[Records from a data collection]

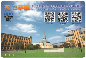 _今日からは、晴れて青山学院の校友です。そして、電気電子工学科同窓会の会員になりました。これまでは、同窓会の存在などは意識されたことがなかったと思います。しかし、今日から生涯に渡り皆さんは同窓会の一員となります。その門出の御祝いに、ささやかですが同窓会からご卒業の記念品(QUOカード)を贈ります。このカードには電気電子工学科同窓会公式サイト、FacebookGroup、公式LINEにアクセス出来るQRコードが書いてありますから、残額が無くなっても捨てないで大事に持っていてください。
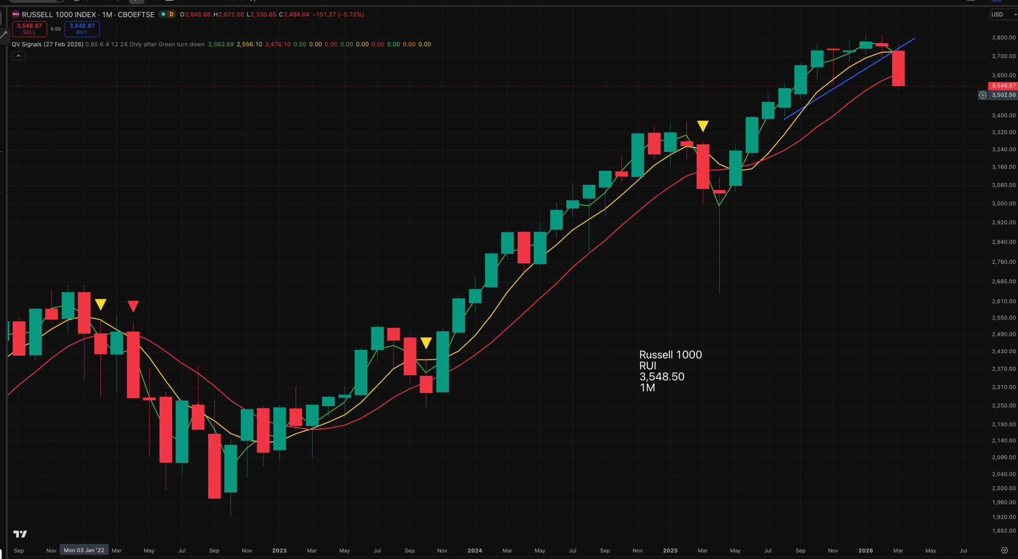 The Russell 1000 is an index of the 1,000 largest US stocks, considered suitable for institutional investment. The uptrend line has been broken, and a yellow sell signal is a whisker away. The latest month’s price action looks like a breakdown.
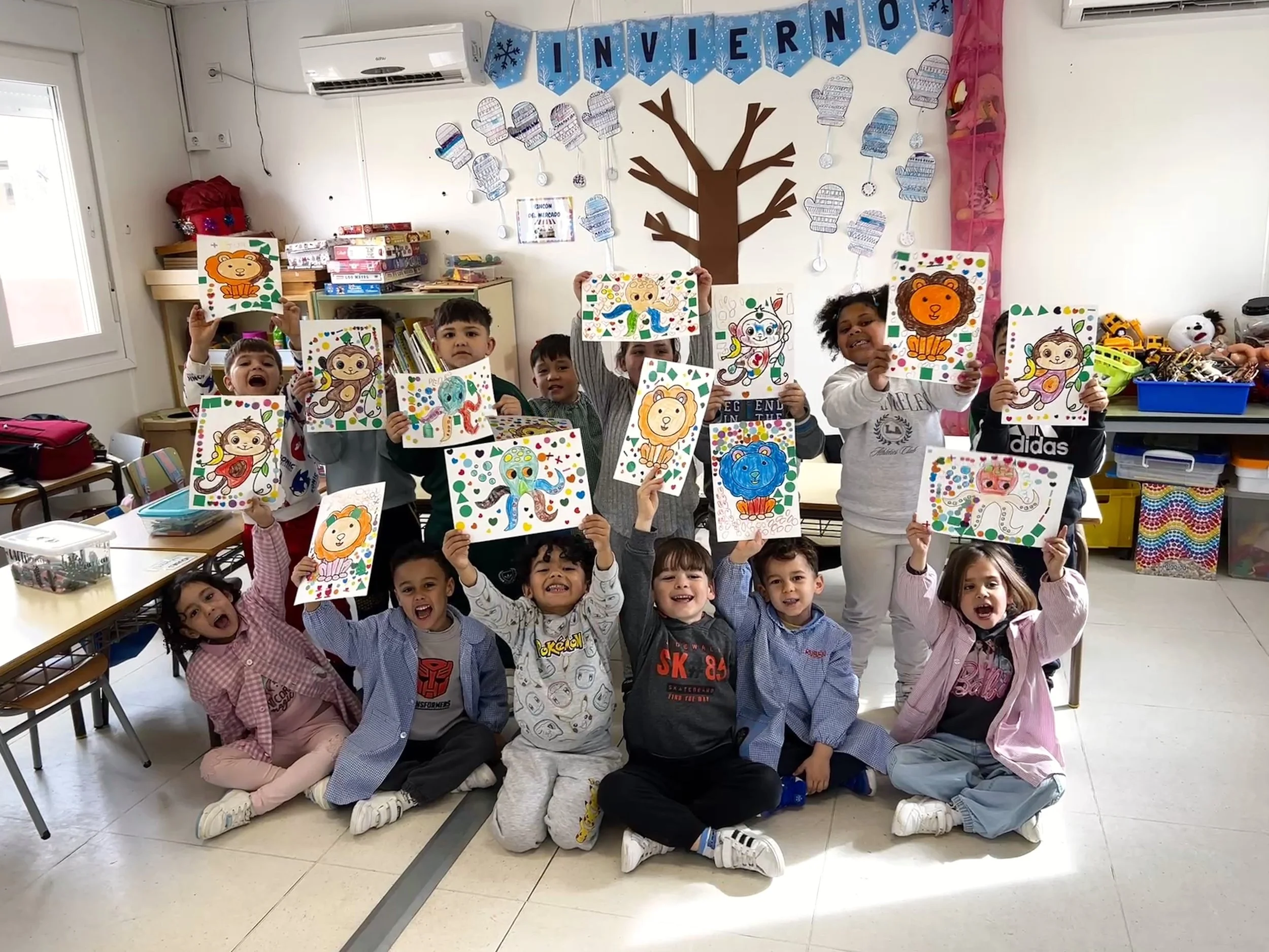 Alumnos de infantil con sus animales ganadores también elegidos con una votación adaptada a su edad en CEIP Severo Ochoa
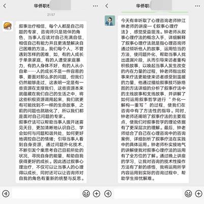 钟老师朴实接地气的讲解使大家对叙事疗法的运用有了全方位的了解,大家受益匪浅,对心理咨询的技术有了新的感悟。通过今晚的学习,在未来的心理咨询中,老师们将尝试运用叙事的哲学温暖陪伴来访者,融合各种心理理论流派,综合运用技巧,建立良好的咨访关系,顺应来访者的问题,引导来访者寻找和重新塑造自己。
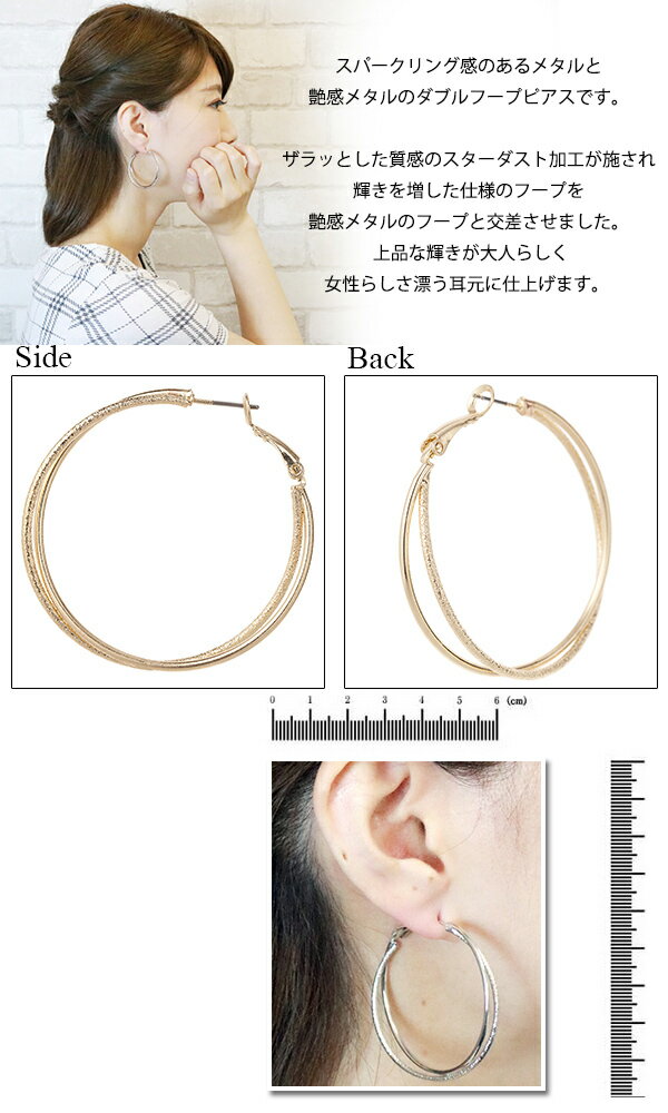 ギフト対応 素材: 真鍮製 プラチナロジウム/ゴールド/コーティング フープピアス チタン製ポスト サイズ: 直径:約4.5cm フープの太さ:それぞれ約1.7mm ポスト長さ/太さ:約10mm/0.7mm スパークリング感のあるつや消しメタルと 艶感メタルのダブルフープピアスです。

WHAT TO WORK ON
Please give again the entries word for word, starting at the first line and ending with the line that contains "钟老师朴实接地气的讲解使大家"; include both of those lines but none of the pictures.

ANSWER BOX
 _今日からは、晴れて青山学院の校友です。そして、電気電子工学科同窓会の会員になりました。これまでは、同窓会の存在などは意識されたことがなかったと思います。しかし、今日から生涯に渡り皆さんは同窓会の一員となります。その門出の御祝いに、ささやかですが同窓会からご卒業の記念品(QUOカード)を贈ります。このカードには電気電子工学科同窓会公式サイト、FacebookGroup、公式LINEにアクセス出来るQRコードが書いてありますから、残額が無くなっても捨てないで大事に持っていてください。
 The Russell 1000 is an index of the 1,000 largest US stocks, considered suitable for institutional investment. The uptrend line has been broken, and a yellow sell signal is a whisker away. The latest month’s price action looks like a breakdown.
 Alumnos de infantil con sus animales ganadores también elegidos con una votación adaptada a su edad en CEIP Severo Ochoa
 钟老师朴实接地气的讲解使大家对叙事疗法的运用有了全方位的了解,大家受益匪浅,对心理咨询的技术有了新的感悟。通过今晚的学习,在未来的心理咨询中,老师们将尝试运用叙事的哲学温暖陪伴来访者,融合各种心理理论流派,综合运用技巧,建立良好的咨访关系,顺应来访者的问题,引导来访者寻找和重新塑造自己。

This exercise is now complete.